British broadcaster Channel 4 had attracted criticism for airing the tapes, filmed at Kensington Palace in the early 1990s

The controversial documentary was aired three weeks before the 20th anniversary of Princess Diana's death. Credit: Reuters
The controversial documentary was aired three weeks before the 20th anniversary of Princess Diana's death. Credit: Reuters

A documentary which broadcast never-before-seen footage of Princess Diana has divided viewers in Britain.

The 90-minute film, titled Diana: In Her Own words, showed video diaries of the Princess of Wales recorded at Kensington Palace in the early 1990s.

Broadcaster Channel 4 aired the programme on Sunday night, three weeks before the 20th anniversary of her death.

The tapes, which show Diana speaking about personal details of her marriage to Prince Charles, were made by her voice coach Peter Settelen.

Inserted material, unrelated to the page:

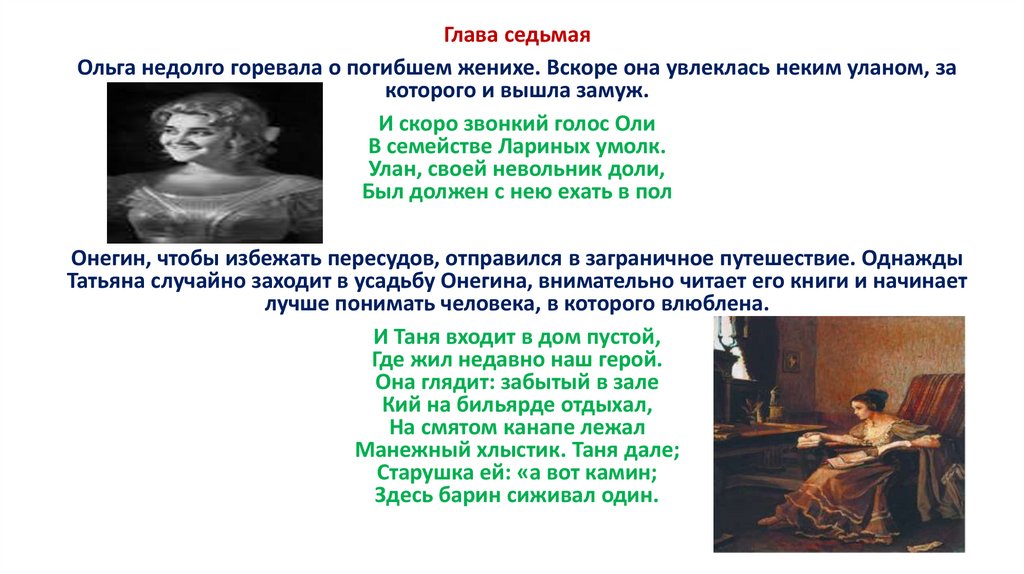 трагической гибели Ленского и отъезда Онегина Татьяна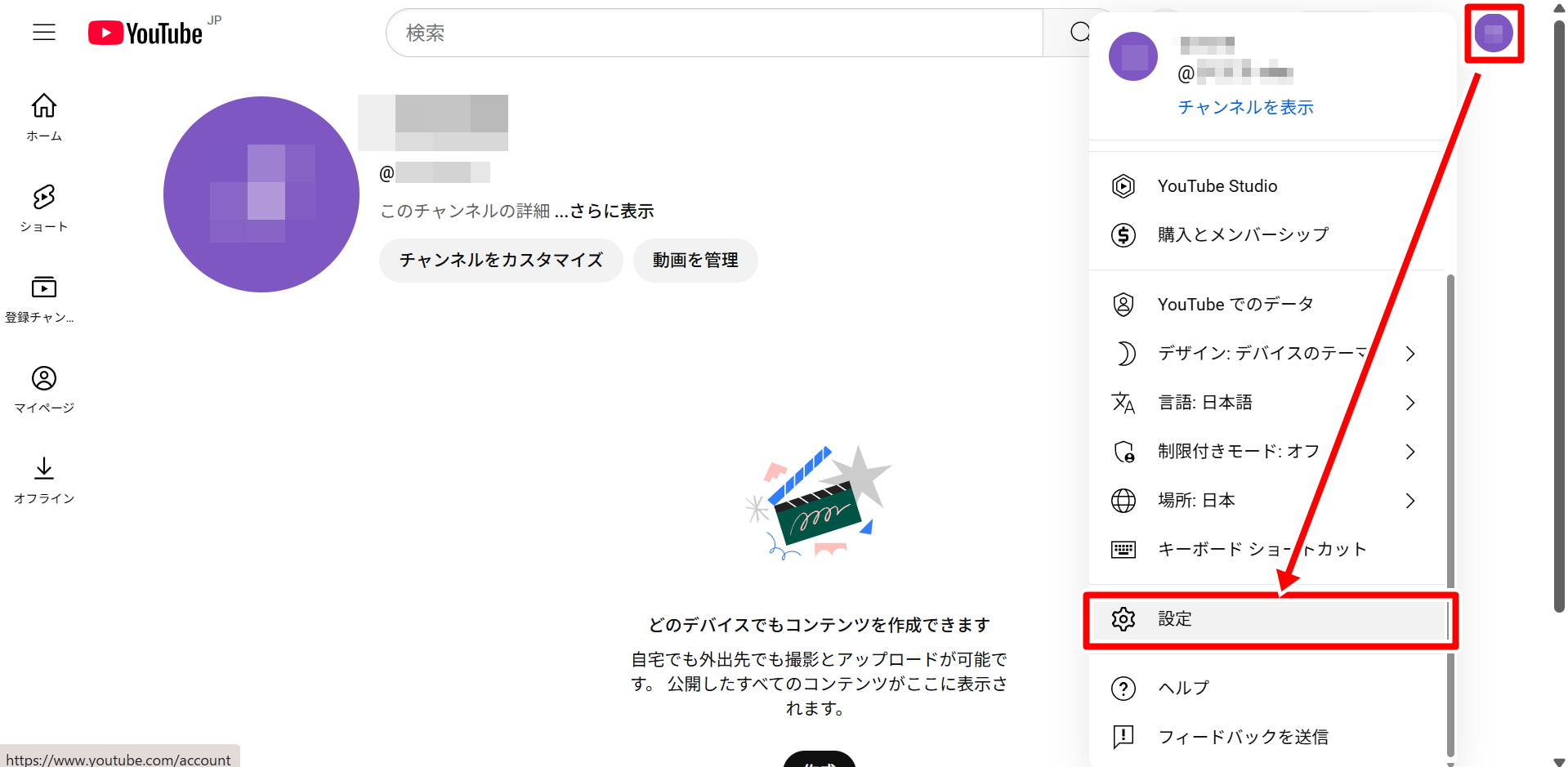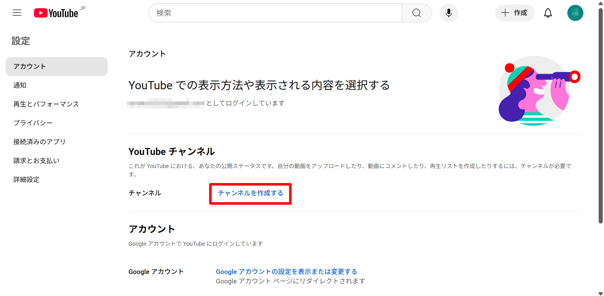 アカウント設定が表示されます。「チャンネルを作成する」をクリックします。※チャンネルが既に作成されている場合はこの操作は不要です。

The decision to air the recordings was a controversial one, attracting criticism from Diana's sons, Prince William and Prince Harry, her brother Earl Spencer, and members of the British public.

"Morally, this video being broadcast is so so wrong," Francine Gilmore wrote on Twitter. She was desperately unhappy #dianainherownwords."

While viewer Louise Fillingham added: “Sensationalist. Over dramatic. Unsympathetic to anyone. Including Diana. Trash.”

The tapes featured Diana discussing intimate details about her sex life with Charles as well as his affair with Camilla Parker Bowles.

One viewer with the Twitter name The Way Photographic commented: "The years of PR Charles has put in to recover his image over all these years gone in one night #dianainherownwords."

Others defended Channel 4 for airing the footage, with one user named Jason tweeting: "Good on @Channel4 for airing that #dianainherownwords."

Another named Laura Mc Namee agreed, commenting: "I don't see why people were complaining about #DianaInHerOwnWords. It's nothing we didn't already know."

Ahead of the documentary's airing, Channel 4 refused to back down in the face of criticism, claiming the excerpts are “an important historical source”.

In a statement, it added: "We carefully considered all the material used in the documentary and, though the recordings were made in private, the subjects covered are a matter of public record and provide a unique insight into the preparations Diana undertook to gain a public voice and tell her own personal story, which culminated in her later interview for Panorama.

"This unique portrait of Diana gives her a voice and places it front and centre at a time when the nation will be reflecting on her life and death."